Without really saying what "this" is, Mozilla wants XULRunner to be the standard play for cross-platform GUI applications and yet it has a bit of trouble interacting with 3rd party libraries. Most mature libraries (say, GraphicsMagick) still use char * or std::string to represent file paths. To interact with them, then, you have to be able to get to a char * representation of files you're trying to open.

Windows and Mac character encodings 101

As is becoming tradition, Windows makes my life difficult by using UTF-16 as its Unicode of choice. UTF-16 uses 2 bytes (usually) to represent each character, meaning it isn't binary compatible with ASCII, which uses 1 byte per character. These 2-byte characters are stored in wchar_ts which are twice as wide as chars.

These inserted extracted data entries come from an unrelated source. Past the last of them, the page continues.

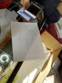 L’ispirazione può nascere da varie fonti, come dalla forma di alcuni oggetti che trovo interessanti oppure semplicemente guardando un programma in televisione, facendomi catturare da una figura interessante. Appena mi arrivano le idee butto giù immediatamente degli schizzi per fissarle prima che spariscano. Il nome è molto importante: in genere prima decido il nome della kokeshi e poi penso a come realizzarla. Successivamente scelgo il tipo di legno più adatto e infine la forma e il colore.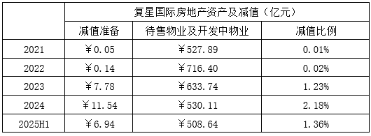 以房地产为例,国内房价这轮下跌周期始于2021年中,而复星国际2021年至2025年上半年末,账面上的待售物业和开发中的物业仅仅减少不足20亿元,在房价大幅下跌的背景下,复星国际并未“随行就市”计提减值损失;截至2025年上半年末,复星国际账面上与地产直接相关的资产仍高达508.64亿元,在楼市低迷的趋势下,不再计提减值就说不过去了。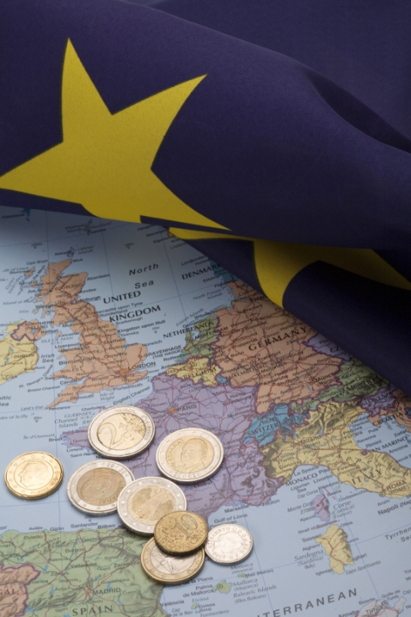 An atlas showing Western Europe, the Mediterranean European currency, with an EU flag in the background.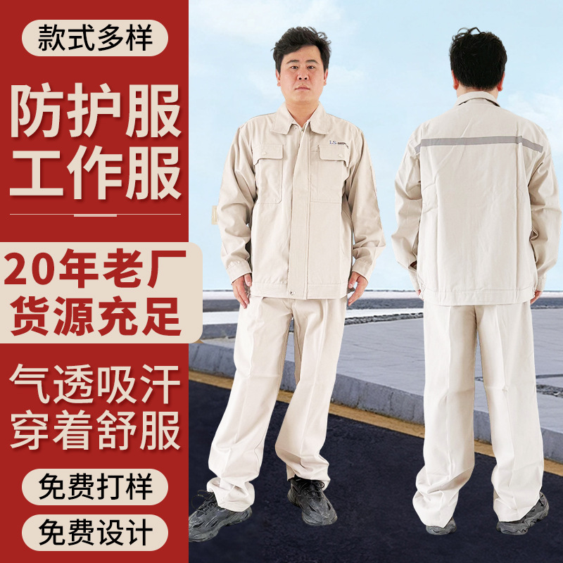 Pakaian Kerja Katun Murni Set Model Musim Semi dan Musim Gugur Pakaian Las Ekstra Tebal Pria Pakaian Kerja Toko Perbaikan Mesin Grosir Pakaian Kerja Dapat Cetak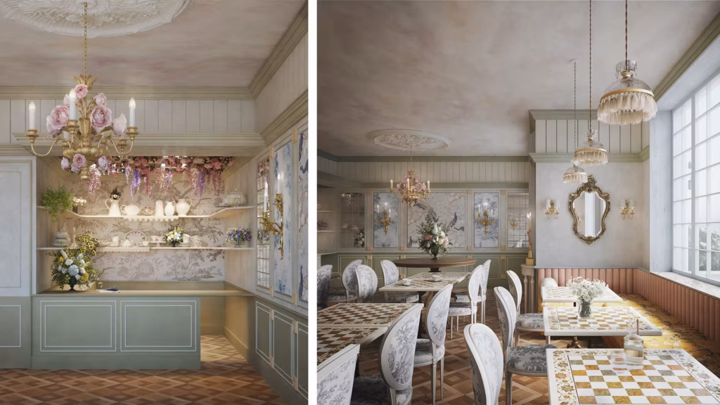 The space seamlessly integrates the functions of a flower shop and restaurant, including a bar area and banquet seating, blending simplified architectural lines with elegant, ornate furnishings to create a serene and inviting atmosphere.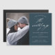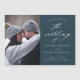 An elegant script photo wedding save the date magnetic card featuring elegant calligraphy details, a vertical photo and classic text on the front. The back is magnetic. Click the edit button to customize this design.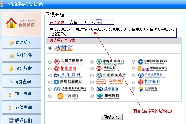 目前上譽(yù)會員系統(tǒng)支持店面充值和網(wǎng)銀充值兩種方式。 扣款時,支持店面扣款,電話遠(yuǎn)程扣款,網(wǎng)銀在線購物三種方式。 會員在貴公司網(wǎng)站登陸后,除了查詢積分和消費(fèi)記錄外,還可通過網(wǎng)銀在線充值,充值金額實(shí)時到帳會員卡內(nèi),馬上可以去商家消費(fèi)。極大的方便了商家和持卡會員。
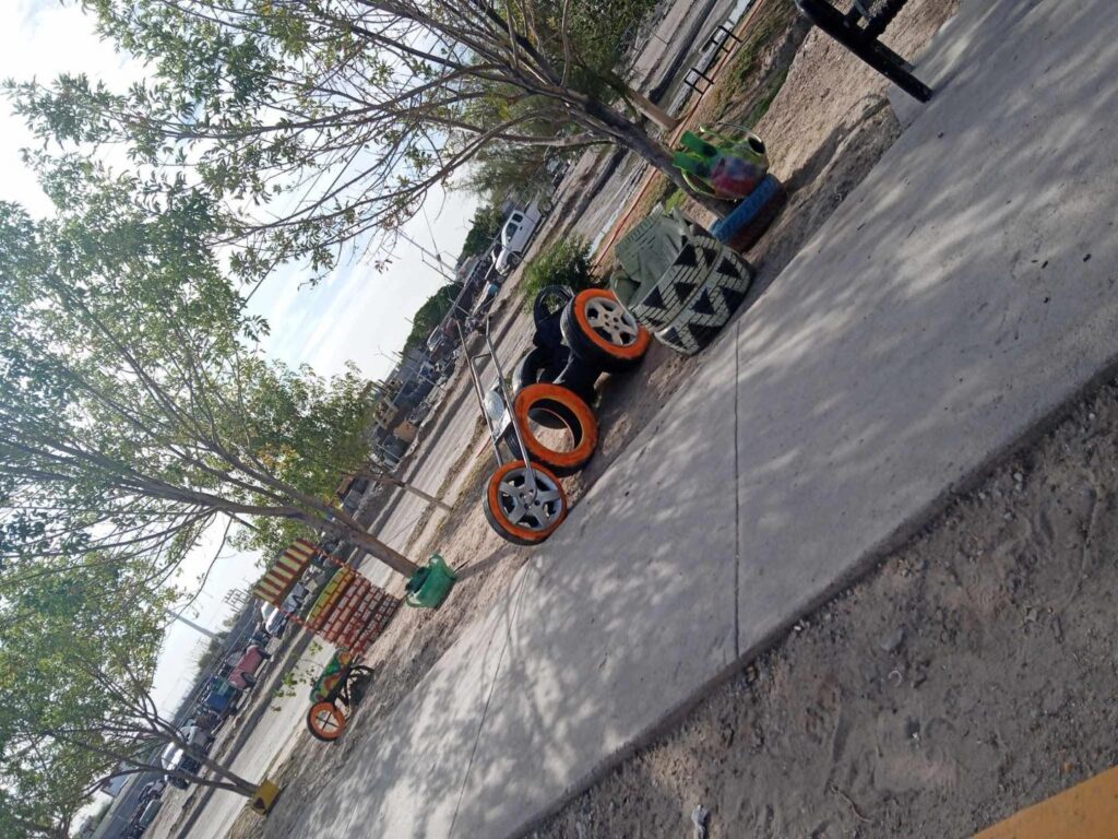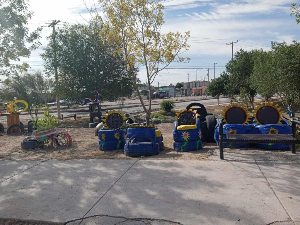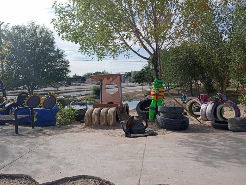 El juarense Julián Camargo, con mucho entusiasmo y dedicación ha hecho diferentes figuras con llantas, dándole otra vista al parque de su colonia, haciendo la diferencia al no quedarse con los brazos cruzados.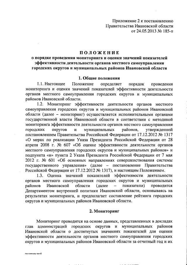 Постановление Правительства Ивановской области от 24.05.2013 N 185-п "Об оценке эффективности деятельности органов местного самоуправления городских округов и муниципальных районов Ивановской области" (вместе с "Положением о порядке проведения мониторинга и оценки значений показателей эффективности деятельности органов местного самоуправления городских округов и муниципальных районов Ивановской области", "Классификацией городских округов и муниципальных районов Ивановской области", "Перечнем исполнительных органов государственной власти Ивановской области, представляющих данные по показателям эффективности деятельности органов местного самоуправления городских округов и муниципальных районов Ивановской области для доклада глав администраций городских округов и муниципальных районов Ивановской области о достигнутых значениях показателей для оценки эффективности деятельности органов местного самоуправления городских округов и муниципальных районов Ивановской области за отчетный год и их планируемых значениях на 3-летний период")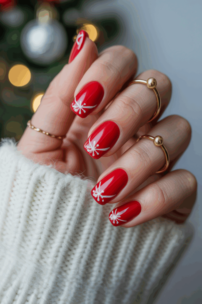 This style suits anyone who wants a classy holiday nail design that is easy to wear. It does not overpower short nails but still adds festive detail.

It isn't possible to pass a wchar_t * through normal C libraries that expect strings as char *.

Mac OS X uses UTF-8 internally and is my hero. UTF-8 is used internally to represent strings and has the advantage of using single bytes (that's char for C programmers playing along) as its base unit. While a single character in UTF-8 can span up to 8 bytes, the in-memory representation of these characters will pass muster with a C compiler. When the UTF-8 bytes are passed through some C library they can arrive intact to the fopen system call, which understands the UTF-8 bytes and acts like you'd expect.

There's an easy way?

There could be. Using the @mozilla.org/file/local;1 it might be possible to get the path as an nsACString, Mozilla's portable representation of single-byte ASCII strings. But, the reference warns that the native path available from nsILocalFile is not for passing to C libraries and isn't guaranteed to be correct. So it's up to me.

No pain, no gain

Bear with me, this gets ugly. The solution that lets me take paths from JavaScript-land to C-land, open Unicode paths with a normal char * and do so on Windows and Mac OS X is stupefying (and stupid). The iinitial path is stored as a JavaScript string, so the boundary between JavaScript and C will be an nsAString, which represents strings as UTF-16.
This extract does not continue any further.